The Student News Site of Great Neck North High School

Guide Post

The Student News Site of Great Neck North High School

Guide Post

The Student News Site of Great Neck North High School

Guide Post

A Personal Reflection on Anti-Asian Discrimination in America

As Lunar New Year nears, I feel compelled to share my personal narrative as festivities begin. In spirit of these celebrations, I want to encourage mindfulness and respect for the diverse traditions associated with this joyous occasion.
A temple in Kowloon, Hong Kong, prepares for the upcoming New Year (Credit: Lonely Planet).

I was born in Manhattan, New York, in a hospital opposite the Empire State Building. Raised by first-generation immigrant parents, I have experienced countless challenges while growing up as an Asian American. Balancing my ethnicity and my American identity has always been difficult for me, and ever since the COVID-19 pandemic, hate crimes against Asian Americans have skyrocketed. People were being robbed, harassed, and even killed in racially motivated attacks. I had never been afraid for my own life until that point. When the pandemic started, I was twelve years old. I was immature and naive, and I firmly believed that America was a haven for all and that everybody could be accepted. I never knew how commonplace the usage of racial slurs was, and I didn’t even know half of them existed. I could feel the mild resentment radiating through some of my classmates, the sneaked glares, and the hushed whispering. I received hate messages for my race and culture on anonymous messaging apps. I felt so lonely and vulnerable, and for the first time in my life, I hated myself for being myself. I juggled between my race, ethnicity, and birthplace identity, and I constantly asked myself, how can I embrace every part of me and be proud of it?

Being born and raised in America for nearly my entire life, I always regarded myself as Chinese, not American. Throughout elementary school, I lovingly embraced my ethnicity. I brought Chinese food to school for lunch so that my classmates could have a bite and taste Chinese culture. In fifth grade, I asked the principal if I could host a presentation about Chinese New Year and visit different classrooms. He agreed. Up until the pandemic, I was proud and unashamed of my race. Over time, a growing reservation enveloped me. The fear of sharing my culture and ethnicity, once alien, now held me captive.

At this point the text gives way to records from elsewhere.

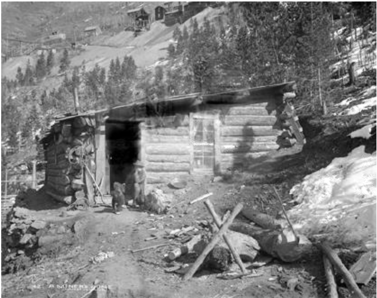
Miners Log Cabin

This is a one-room, miner's cabin somewhere in the mountains of Colorado. The cabin was built of logs.
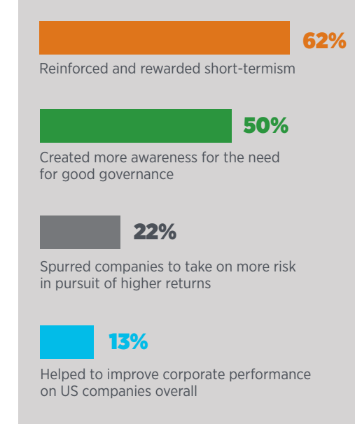
FIGURE 9 CONSEQUENCES OF THE RECENT WAVE OF HEDGE FUND ACTIVISM

engagement as the be-all strategy to transparency, placing an emphasis on quality over quantity, including knowing your shareholder base, a criteria about which, as our survey indicates, the great majority of directors (86%) believe their board has a good to excellent understanding.
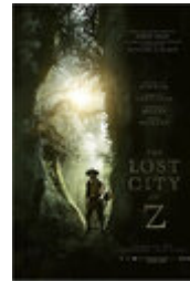
The Lost City of Z
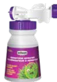
WILSON® Nematode Sprayer
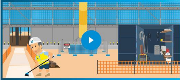
1 / HOUSE KEEPING
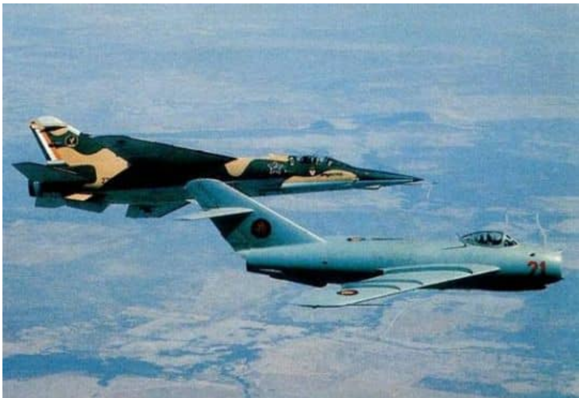
AZ with the Mozambique Air Force Mig-17 which was flown to South Africa by a defector.
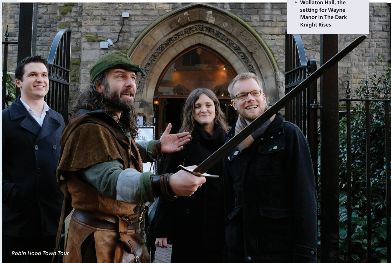
Robin Hood Town Tour
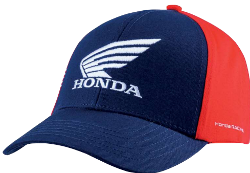
RACING NAVY 243-7020060-02
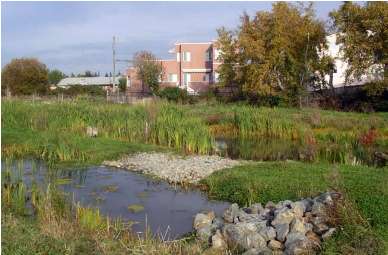
Peers Creek ~ South Wilkinson Valley
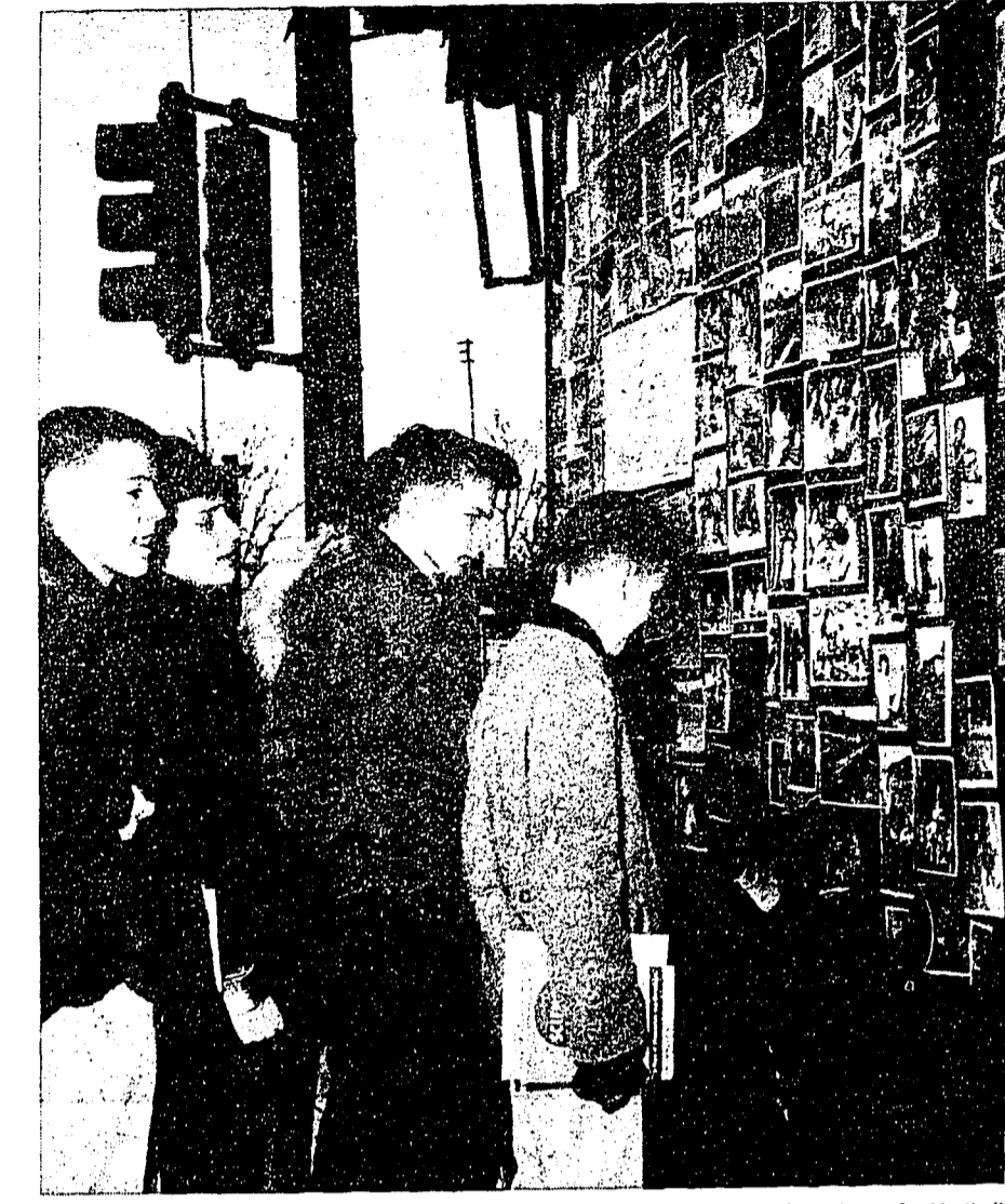
THAT'S ME — The Record's front window was one of the most popular gathering places in Northville this week as hundreds of photographers displayed their annual picture sale. The photos appeared in the Record and Novi News during 1957. Youngsters especially gobbled them up — to fill out their scrapbooks or to keep as a reminder of their current fashions.

Northville, Novi and Wilson residents were urged this week to donate several hours a week for helping community agencies during the year. The plea came from United Community Services, which seeks volunteers for more than 600 health, welfare, cultural and civic agencies in this area.
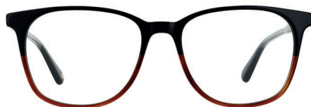
C1 - AUTUMN BLACK WHAYR01
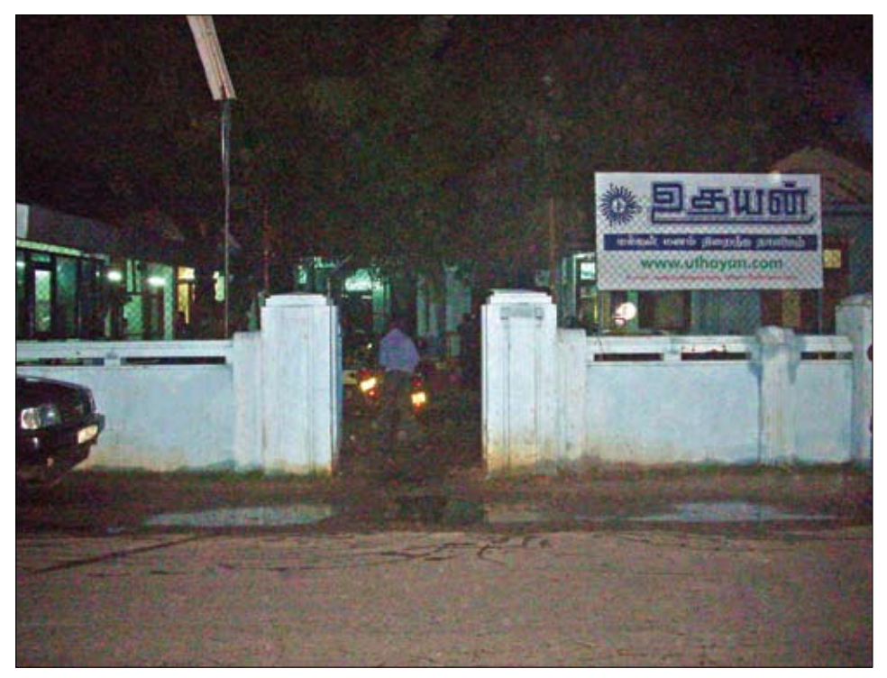
Uthayan office in Jaffna as journalists arrive late-evening to file their stories

On June 27, all Uthayan staff and news agents received letters purporting to be a "final warning", accusing the newspaper of "pro-terrorist" bias and "confusing" the Tamil people of Sri Lanka. With "harmony and liberty" now purportedly regained in Sri Lanka, Uthayan was working toward "destroying the permanent peace and (causing) the public to turn
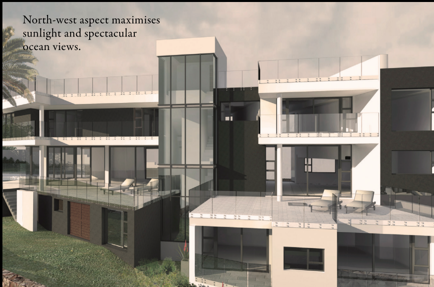
North-west aspect maximises sunlight and spectacular ocean views.
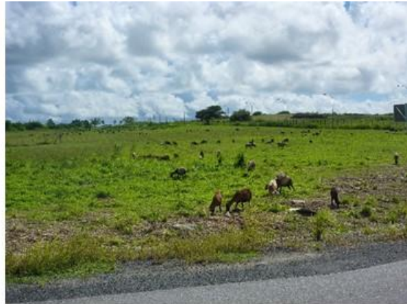
Free ranging sheep in Antigua.
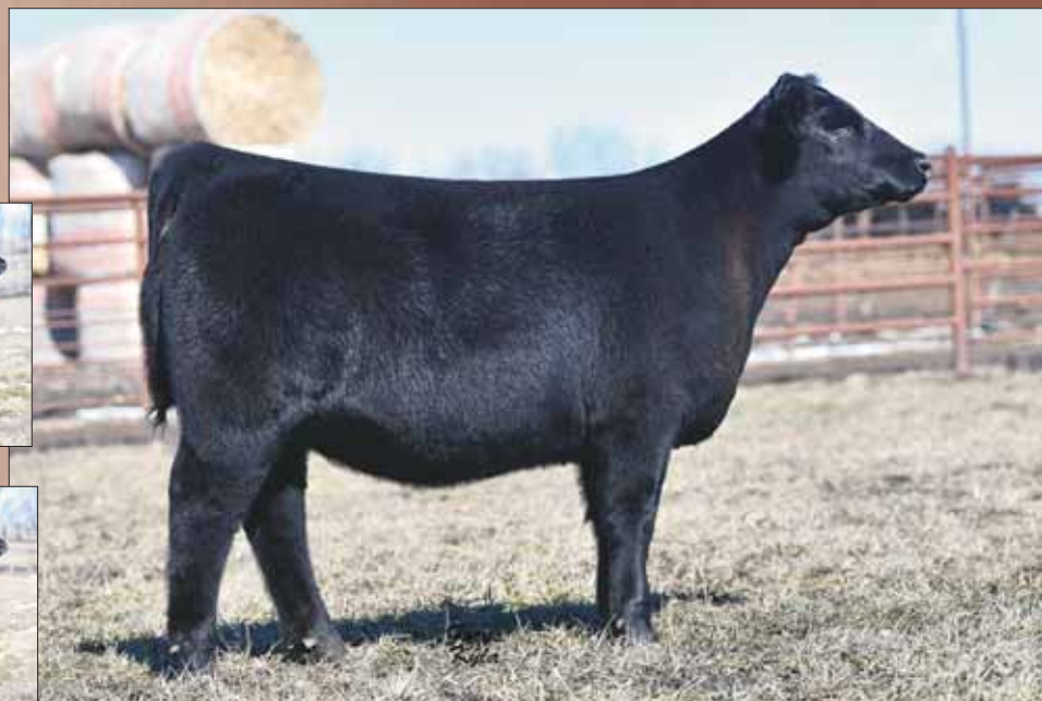
Lot 12 « PVF Missie 9212

These two PVF star herd sires are maternal brothers to Lot 12.

Anti-Asian discrimination is not a novel sentiment. It persists today in America and has existed since the 1840s. Sinophobia originated from the California Gold Rush in the late 1840s, when the first Chinese immigrants moved to California hoping to find new job opportunities in a country of immigrants. Once they arrived, however, life was far from what they expected. Their perceptions of America soon proved facetious, as they were herded into filthy, confined slums explicitly established for them. Americans soon felt threatened by the influx of Chinese immigrants, as fears arose surrounding the significant decrease in job opportunities for immigrants. The Americans considered the Chinese racially inferior and could not stand seeing their jobs taken up by an inferior race. In 1882, President Chester A. Arthur signed the Chinese Exclusion Act into law. Believed by many to be one of the most outrageously racist actions ever taken by the U.S. government, the Chinese Exclusion Act was the first law restricting immigration to the states. Chinese immigrants were suddenly stopped at the gates of opportunity, now closed by the very people they toiled for.

Bat eater. Virus spreader. Slit eyes, they taunted. Each attack I read of in the news felt like a personal blow. I was scared to stand up for myself and other Asian Americans without being attacked, too.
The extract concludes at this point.